Minggu, 21 Februari 2016

Nilima


"Nilima..."
Aku terisak lirih.

"Maafkan aku..."
Aku kembali mengucap mantra itu untuk yang ke sejuta kali. Mungkin.

Namun perih yang mengiris hatiku tak jua terobati. Katanya jika malaikat Izrail tengah mencabut nyawamu, rasanya seperti disayat ribuan pedang.

Bohong.
Hatiku rasanya seperti disayat jutaan sembilu, tapi Dia tak kunjung memanggilku pulang. Aku masih bernapas meskipun dalam setiap tarikannya kurasakan getir penyesalan. Seakan tak cukup, sengatan ingatan itu menambah sakitku.

Matanya biru. Makhluk mungil nan indah itu bermata biru ketika ia kulahirkan di sudut kamar mandi yang baunya lebih busuk dari kandang babi. Tapi aku bahkan tak peduli. Yang pertama kulihat adalah matanya yang berwarna sebiru senja.

Nilima. Kuputuskan menamaimu Nilima.

Sebuah keputusan yang bodoh. Memberimu nama adalah kesalahanku yang pertama.

Kau tidak menangis, Nilima. Kau hanya mengeluarkan bunyi berdeguk pelan. Kau tetap diam ketika kugigit putus tali ari-arimu. Sambil berharap ikatan batin kita ikut terputus bersamanya.

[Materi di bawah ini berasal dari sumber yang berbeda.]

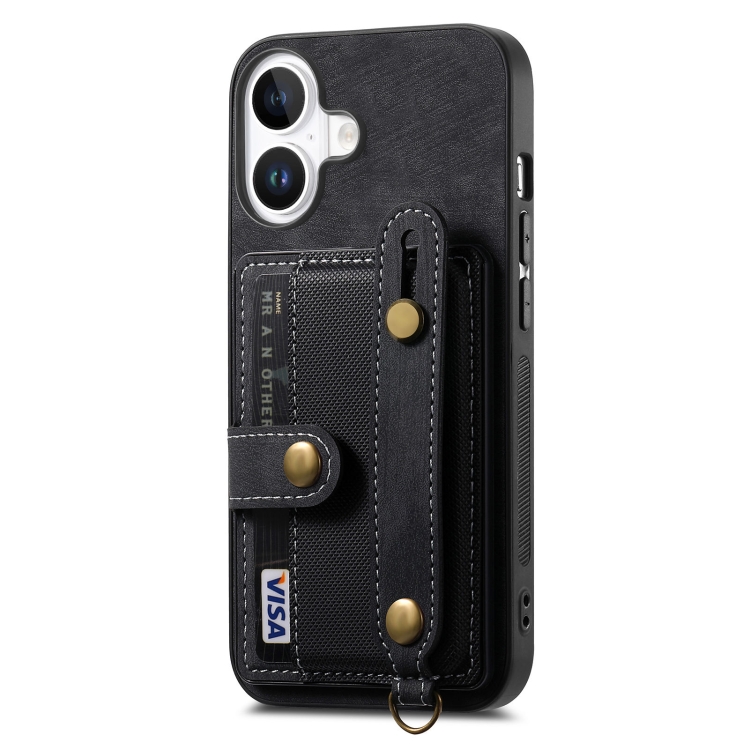 Funda de Cuero Tipo Billetera para iPhone 16 Plus con Correa Cruzada Retro (Negro)
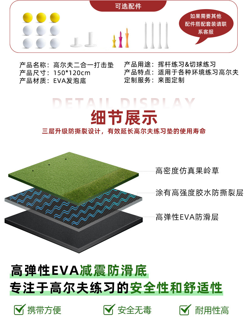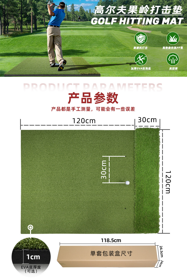 跨境热销户外高尔夫球垫 高弹双草挥杆练习垫golfmat高尔夫打击垫

Tapi kemudian waktu aku mulai pening dan mual karena berkubang dalam genangan darahku sendiri, kau mulai bersuara. Kau merengek pelan. Aku panik! Buru-buru kau kugendong dan kujelali puting agar urung menjerit.

Kau kususui, Nilima. Dan itu adalah kesalahanku yang kedua.

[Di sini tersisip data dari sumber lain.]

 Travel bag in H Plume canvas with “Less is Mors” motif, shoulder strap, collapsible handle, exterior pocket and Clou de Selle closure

Pikirku sederhana. Kuanggap air susu itu adalah hadiah kelahiranmu sekaligus ucapan perpisahanku. Kubiarkan kau menikmati perjamuan terakhirmu.

Oh, sayang. Mestinya aku tak memberimu setetes pun harapan. Mestinya aku tak menggendongmu sehingga kau mengecap kehangatan tubuhku. Mestinya aku sama sekali tak meninggalkan jejak dengan menyentuh tubuh mungilmu yang masih berlumur darah.

Ah, semua yang mestinya-mestinya tadi membuatku kembali dihujam pilu.

Tapi Nilima, biarlah aku disiksa kenangan dan terbunuh dalam rasa penyesalan, asalkan kau hidup dengan baik. Ingat, Nak. Jangan maafkan aku. Hidup sajalah, tapi jangan maafkan aku.




***




Tuhan...

Ketika Engkau membangunkan aku yang tengah terlelap di surga-Mu dan memberitahu bahwa Kau akan meniupkan rohku kedalam pelukan seorang malaikat, aku merasakan bahagia yang tak terperi.

Tuhan, aku ingat Engkau pernah menenangkanku waktu aku takut tak dapat lagi merasakan hangatnya dekapan-Mu. Engkau berkata aku akan mendapatkan gantinya nanti ketika aku berada dalam sesuatu yang Kau sebut rahim. Meskipun tadinya aku tak tahu seperti apa wujudnya, tapi aku mendapati disana benar hangat!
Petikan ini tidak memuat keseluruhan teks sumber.